« L’équité a le goût du chocolat »

Ou comment les neurosciences ont redécouvert les besoins humains fondamentaux[1]

Cette affirmation de Matthew Liberman (directeur de laboratoire de neurosciences cognitives sociales de l’Université de Californie à Los Angeles), fait référence à une découverte surprenante : les régions du cerveau qui sont associées au plaisir de goûter du chocolat sont les mêmes que celles qui sont activées lorsqu’on est traité avec équité par un pair !

Ce constat s’intègre dans un champ plus large de redécouverte des besoins fondamentaux de l’Homme, permise par les recherches en neurosciences (grâce à l’utilisation des IRM fonctionnelles[2]) : le besoin d’équité, le sentiment d’appartenance à un groupe et la préservation du statut.

 

  1. Le besoin d’équité

Être traité de façon équitable et faire preuve de justice dans nos échanges constituent un besoin de base, une règle implicite de comportement social. Si bien que, lorsque nous faisons l’expérience inverse et que nous avons le sentiment d’être victime d’une injustice, nous sommes sujets à un profond sentiment de mal-être, de colère voire de révolte.

Soyons témoin ou victime d’une injustice et notre motivation s’en trouvera immédiatement affectée.

 

  1. Le sentiment d’appartenance

Le deuxième de ces besoins fondamentaux est le sentiment d’appartenance.

Il est aussi indispensable pour l’être humain de se sentir membre d’un groupe, que de boire ou manger. En effet, comme l’a montré Liberman (en association avec Eisenberg et Williams), le cerveau d’une personne exclue d’un groupe (familial, amical, professionnel, ou social) ressent une « douleur sociale » qui se situe dans les mêmes structures cérébrales que celles qui sont en charge de l’enregistrement de la douleur physique ! Les résultats de ces recherches en disent long sur les risques qui peuvent exister dans un environnement de travail dans lequel règnent la défiance et l’insécurité. Ajoutez à cela des relations quotidiennes qui prennent principalement la forme d’échanges numériques (mailings, confcall et autres vecteurs de communication numérique) et vous obtenez un coktail molotov redoutable…

 

  1. Troisième besoin : la préservation du statut

Le troisième besoin fondamental est l’affirmation de notre statut, de notre positionnement hiérarchique.
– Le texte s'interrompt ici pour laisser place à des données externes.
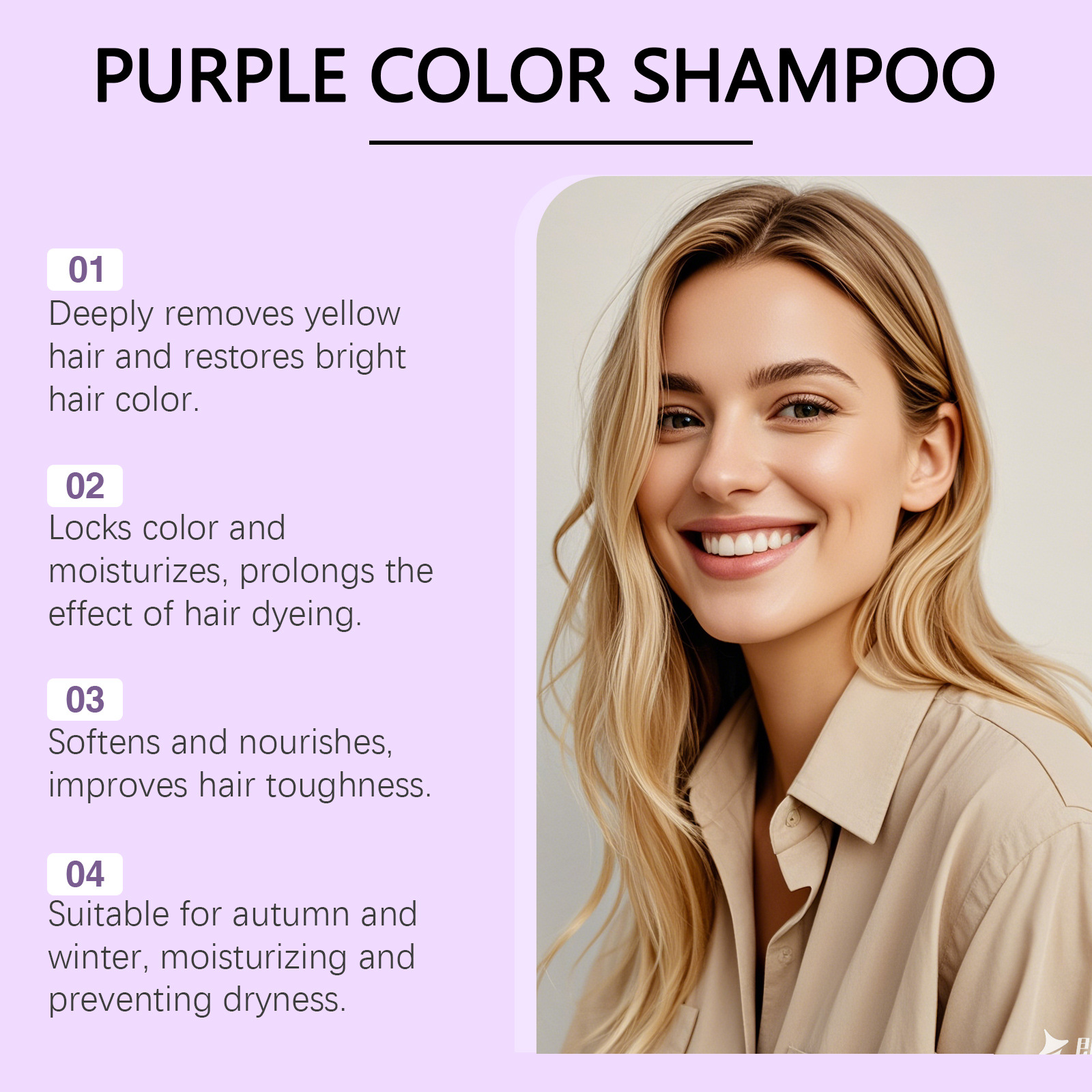 | 颜色分类 | 护发精油100ml(仅供外贸出口销售,禁止国内销售,购买等同默认免责申明 ) | 颜色分类 | 紫色洗发水100ml(仅供外贸出口销售,禁止国内销售,购买等同默认免责申明 ) |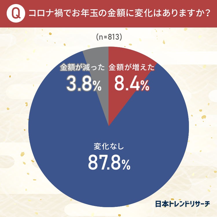 コロナ禍前と2022年にお年玉を「あげる予定(あげた)」と回答した813名に「コロナ禍でお年玉の金額に変化があったか」聞きました。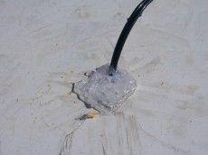 This is a photo of a dual satellite cable going through a hole that the installer had drilled right through the very expensive sealed Neoprene (rubber) roof atop this shopping center building. That glob is silicone caulk squirted around the hole he made. Penetrating any Neoprene roof is a BIG NO! NO! If the installer had just followed other cables he could have gotten them into the building from under the A/C unit, like other cables there. The Bldg. owner will flip out if he sees this.

Au cours de nos échanges sociaux, nous recalculons instinctivement notre statut en fonction de celui que nous percevons chez nos interlocuteurs. Selon Caroline Zink, chercheuse en neurosciences, « la façon dont nous interagissons et dont nous nous comportons dans notre environnement social est souvent déterminée par la comparaison de notre propre statut social à celui des autres ».

Conséquence : lorsque nous sentons que notre statut est fragilisé (par exemple, lorsqu’un collègue nous contredit en réunion), nous activons des mécanismes neuronaux liés à la défense et à la survie. Selon James Teboul[3], notre cerveau constitue des « cartes neuronales complexes » qui représentent notre propre statut, mais aussi celui des personnes que nous côtoyons. Ces « cartes neuronales » intègrent notamment des informations liées à l’ordre hiérarchique (âge, revenus, force, poids, ou sens de l’humour).

Pour maintenir l’engagement de ses équipiers dans la durée, un manager doit donc prendre un soin tout particulier à ne jamais porter atteinte à leur statut, mais aussi à confirmer leur positionnement et leur légitimité.

 

Décisions équitables, culture du sentiment d’appartenance et respect de la personne : un triptyque à inscrire dans les pratiques des leaders de demain ?

Et pourquoi pas de ceux d’aujourd’hui 🙂 ?

 

 

[1]Cité par James Teboul dans Neuroleadership, le cerveau face à la décision et au changement, ed Odile Jacob, 2017

[2]L’imagerie par résonance magnétique (IRM) fonctionnelle cérébrale (ou IRMf) est une technique d’imagerie cérébrale mesurant in vivo l’activité des aires du cerveau en détectant les changements locaux de flux sanguin.